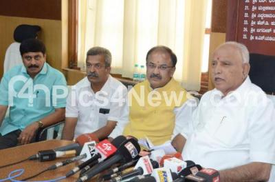 Photo Caption : BJP State President BS Yeddyurappa addressing press conference with BJP leaders Arvind Limbavali and Jeevaraj, in Bengaluru on Monday 1st July 2019
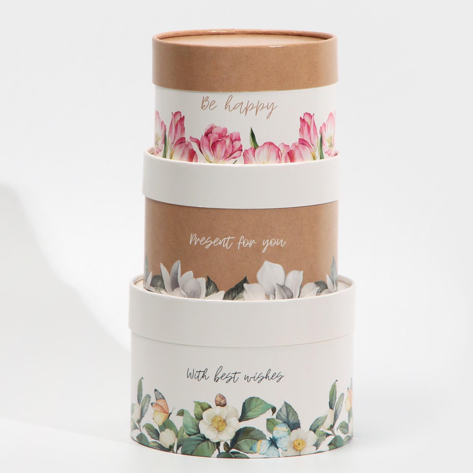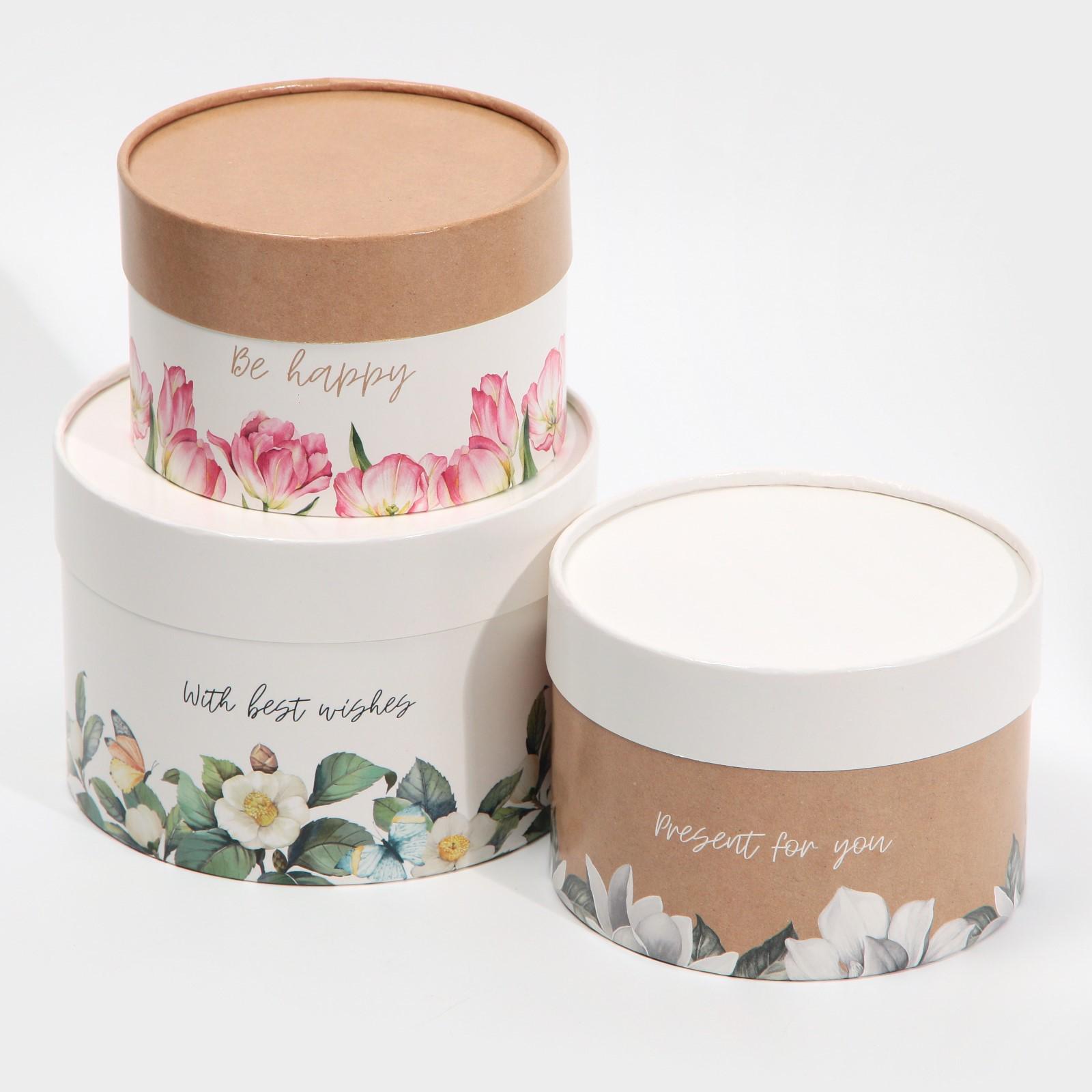 Набор шляпных коробок 3 в 1 «Цветочный», 16 х 10, 14 х 9, 13 х 8,5 см
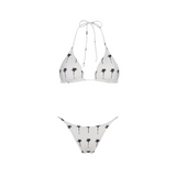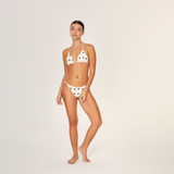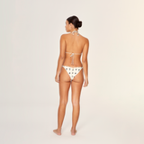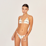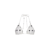 Top Triángulo Corredizo Palms, en dibujo original de Aguaclara. Top de Tela Italiana con accesorios de metal dorado en tiritas.
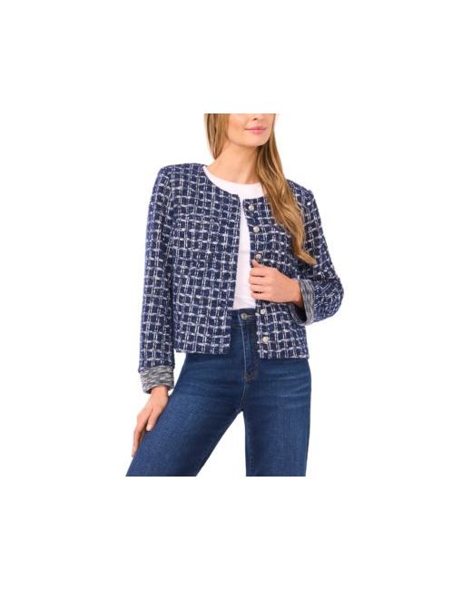 Refined and versatile, this CeCe jacket brings effortless polish to any outfit. The collarless crew neckline creates a sleek, modern silhouette. Two functional front pockets add both style and convenience. About The Brand: CeCe is a contemporary lifestyle brand inspired by a romantic take on the everyday, punctuated by taste, wit, and on-the-go flair.
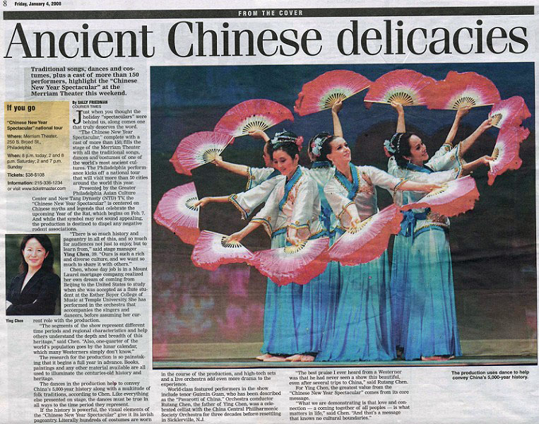 記者莎麗•福裏德曼(Sally Friedman)撰文說,當人們覺的(感恩節和聖誕節)的節日壯觀景象已經過去了的時候,這個真正稱的上「壯觀」的晚會(註﹕全球華人新年晚會的英文名字)終於來臨了。傳統歌曲、舞蹈和服飾,以及超過一百五十人的演出陣容,突出展現了美麗安劇院這個週末的「全球華人新年晚會」。費城的演出開啟了今年世界五十多個城市巡迴演出的序幕。

++++

**WHAT YOU HAVE TO DO**
Please give back every line above exactly as it stands, without pictures.

**SOLUTION BELOW**
 Photo Caption : BJP State President BS Yeddyurappa addressing press conference with BJP leaders Arvind Limbavali and Jeevaraj, in Bengaluru on Monday 1st July 2019
 Набор шляпных коробок 3 в 1 «Цветочный», 16 х 10, 14 х 9, 13 х 8,5 см
 Top Triángulo Corredizo Palms, en dibujo original de Aguaclara. Top de Tela Italiana con accesorios de metal dorado en tiritas.
 Refined and versatile, this CeCe jacket brings effortless polish to any outfit. The collarless crew neckline creates a sleek, modern silhouette. Two functional front pockets add both style and convenience. About The Brand: CeCe is a contemporary lifestyle brand inspired by a romantic take on the everyday, punctuated by taste, wit, and on-the-go flair.
 記者莎麗•福裏德曼(Sally Friedman)撰文說,當人們覺的(感恩節和聖誕節)的節日壯觀景象已經過去了的時候,這個真正稱的上「壯觀」的晚會(註﹕全球華人新年晚會的英文名字)終於來臨了。傳統歌曲、舞蹈和服飾,以及超過一百五十人的演出陣容,突出展現了美麗安劇院這個週末的「全球華人新年晚會」。費城的演出開啟了今年世界五十多個城市巡迴演出的序幕。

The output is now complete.